4
\$\begingroup\$

I've been trying to build some circuits that use logic gates, without using pre-made chips. My main goal is to further my understanding of the subject, but it'd be nice to make something useful in the process.

After a lot of failed attempts and googling I landed on this question, which works great. But I feel that the current consumption will be very high (since the inverters will basically send a load of current to ground when they're low?). This is especially true if you want to use many gates.

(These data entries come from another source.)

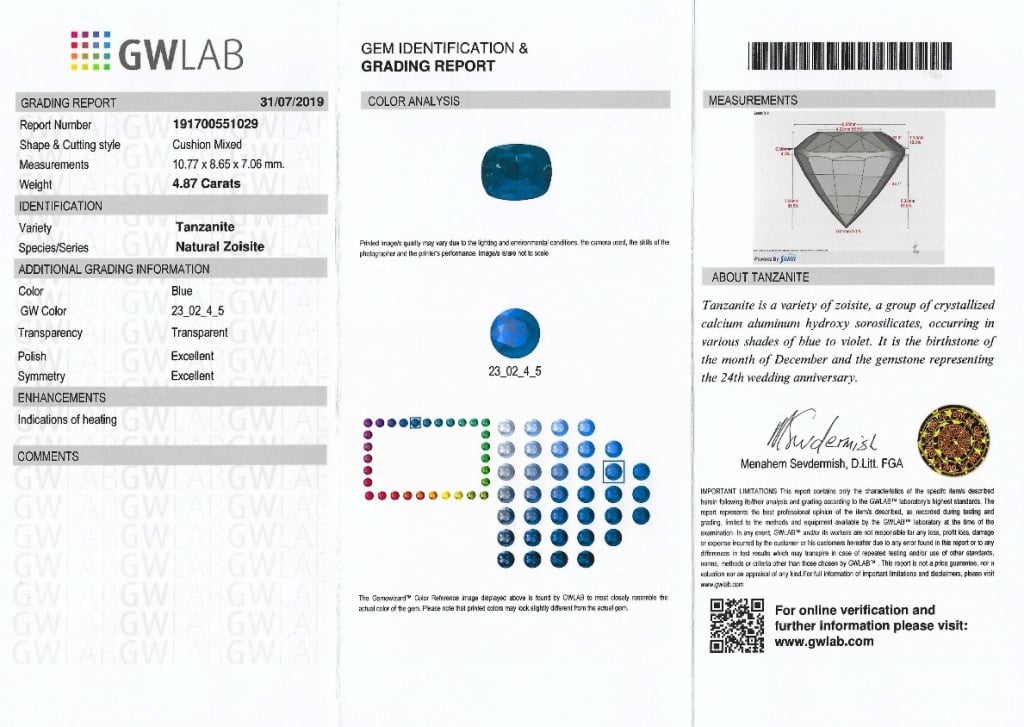 Kámen je včetně mezinárodně uznávaného certifikátu GWLAB. Tanzanit byl tepelně upraven (jedná se o běžnou úpravu).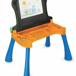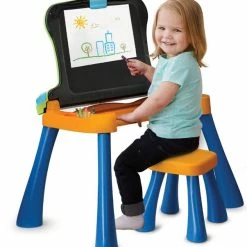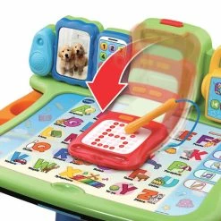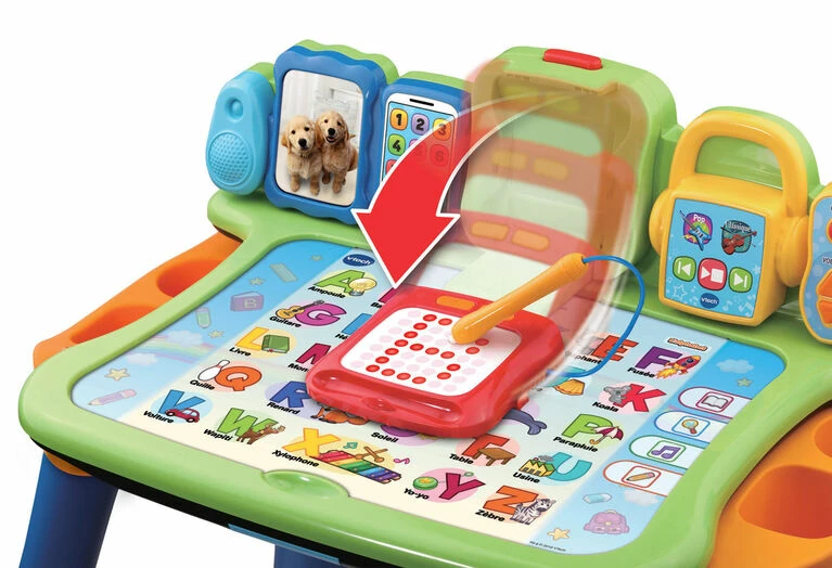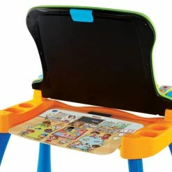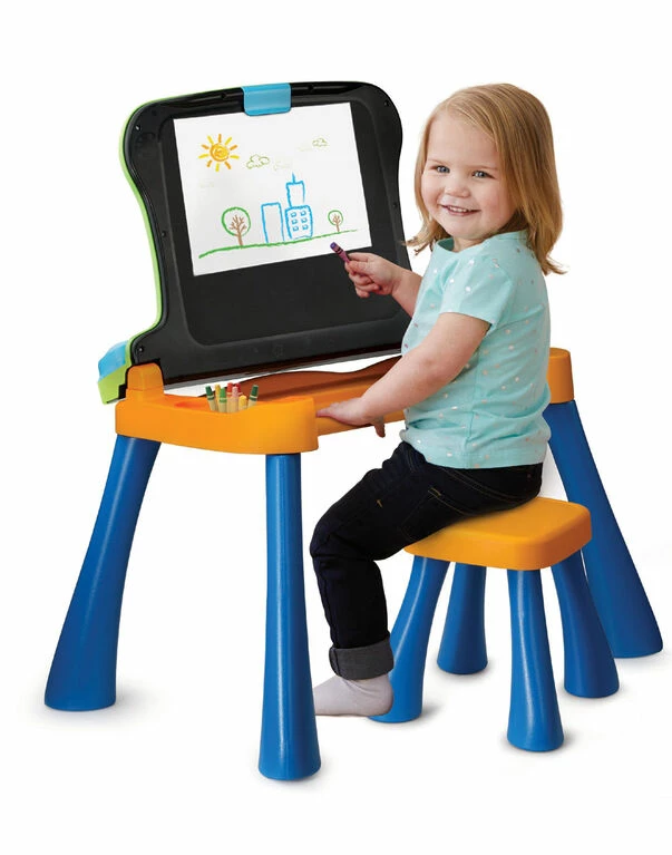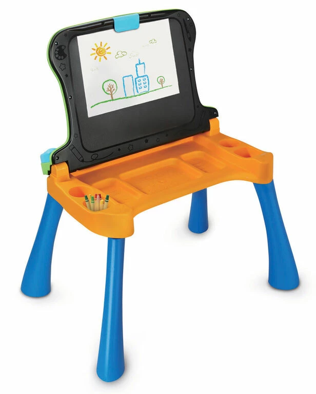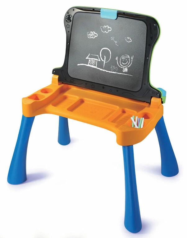 Learn and create with the Explore and Write Activity Desk! This interactive desk features five activity pages filled with engaging content including letters, numbers, music, colors and more. The fold-down writing pad and light-up display encourage kids to practice writing by tracing letters, numbers and shapes with a stylus. The desk transforms into an easel and chalkboard with plenty of storage space for art supplies. Continue the play with expansion packs that each focus on a specific curriculum like nursery rhymes, reading skills, animals and numbers. Kids can also play with the touchscreen toy phone or listen to more than 20 melodies on the music player. (Art supplies not included. Expansion packs sold separately.) Intended for ages 2-5 years. Maximum weight 75 pounds. Requires 4 AA batteries. Batteries included for demo purposes only. New batteries recommended for regular use.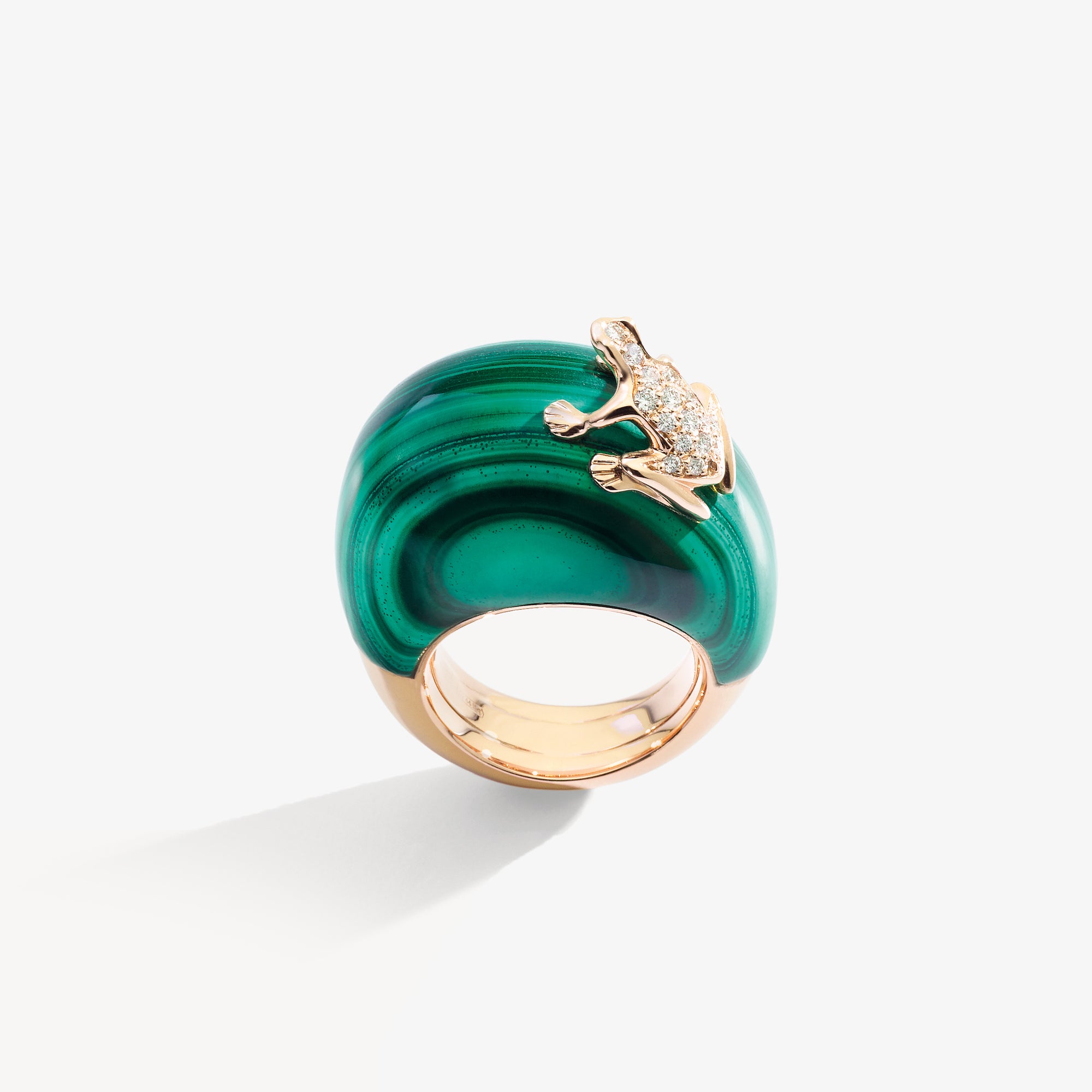 The iconic sculpture ring from the Happy Frog collection is dressed in material: the upper part is carved from semiprecious stone, upon which the gold and diamond frog perches. The rest of the ring's shape is 18k gold. A tactile micro-architecture that combines art and irony. The internal gold spring allows for two adjustable sizes for flexible and comfortable wear.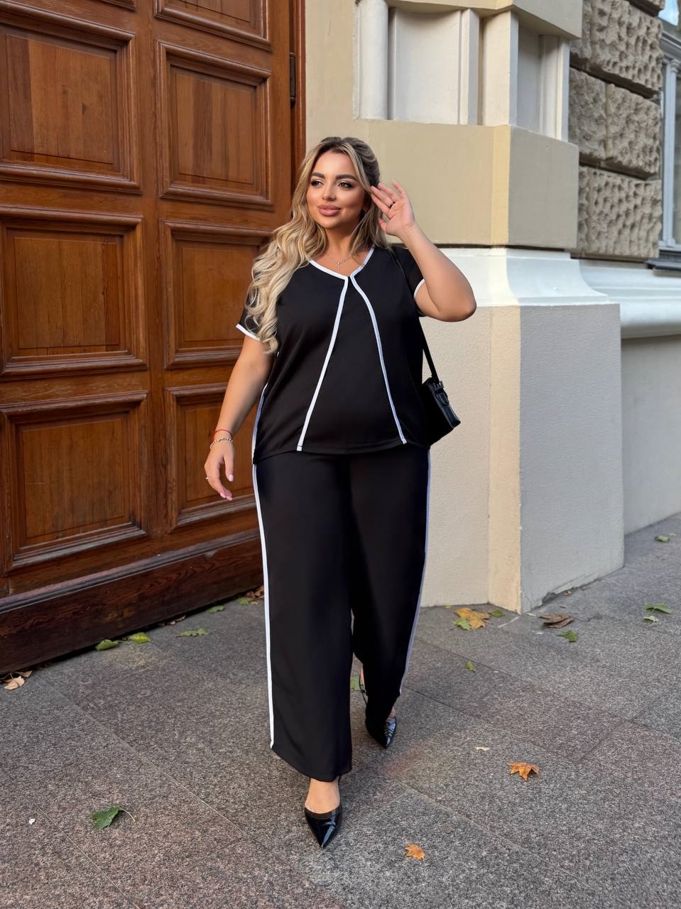 Костюм – двойка классического стиля с белым кантом, который подчеркивает фигуру и скрывает недостатки. Брюки на резинке, по бокам карманы.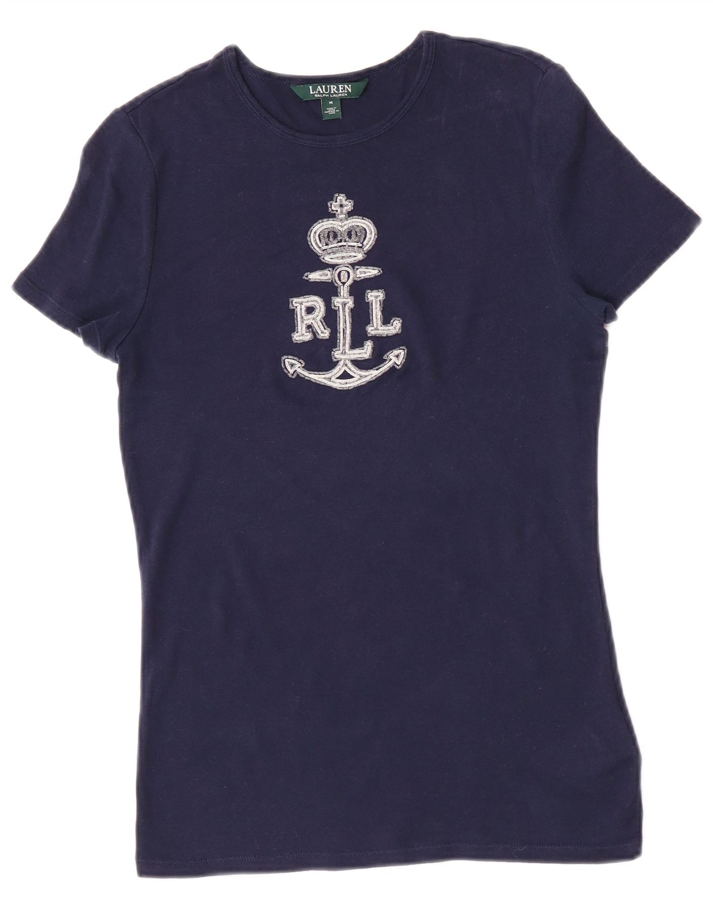 Ralph Lauren Camiseta gráfica para mujer Top UK 12 Medium Azul marino Algodón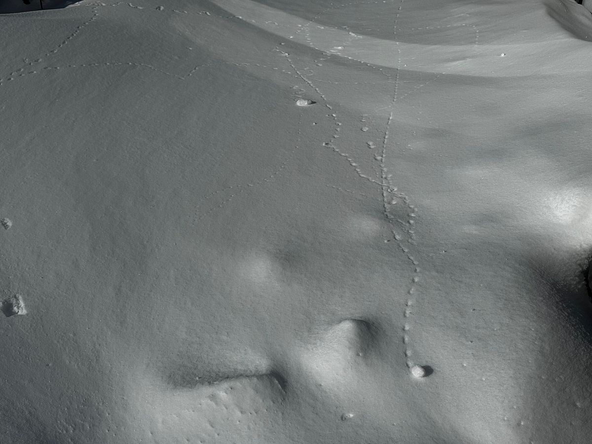 庭にまたまた雪玉の足跡発見!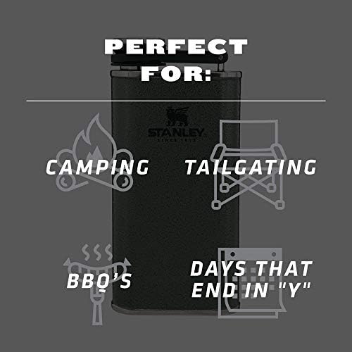 Stanley Clásico Fácil de Llenar Botella de Acero Inoxidable de Boca Ancha 8 oz | Botella de Whisky a Prueba de Fugas | Tapa Conectada con Bisagra Nunca Pierdas la Tapa | Congelador Aislado | Libre de BPA | Verde Tono Martillo

It seems to me that you need to 'black box' the logic gates so that you can chain them as much as you like without much worry. The inverters do this, but at the cost of current. Is there a better way? Is learning the hard physics behind it all the only way to really make complex logic circuits, so I'm just moving out of my depth? I have a strong understanding of the gates themselves, and designed my circuits as pure gates already, but the actual physical implementation is very different.

So my question would be: Is there a simple and effective way of blackboxing RTL logic gates so that they can be chained?

Edit: I just recalled that NOR can be used to construct other gates - so I suppose the solution would be a design for a NOR gate that can be treated as modular.

\$\endgroup\$
9
\$\begingroup\$

RTL isn't too difficult, but that doesn't mean it's trivial either. If you want, take a look at two of my answers: (1) building a full adder; and, (2) nand with led. But in those cases I decided to keep things really simple and not to actually do a serious design. You've mentioned RTL. So let's attempt an RTL design here.

Let's start out looking at the following example taken from one of my earlier posts:

schematic

simulate this circuit – Schematic created using CircuitLab

We will need to decide upon a range of input voltages which are to be considered a logical "0" and another range of input voltages which are to be considered a logical "1". Obviously, these ranges should not overlap and probably should have a gap between them.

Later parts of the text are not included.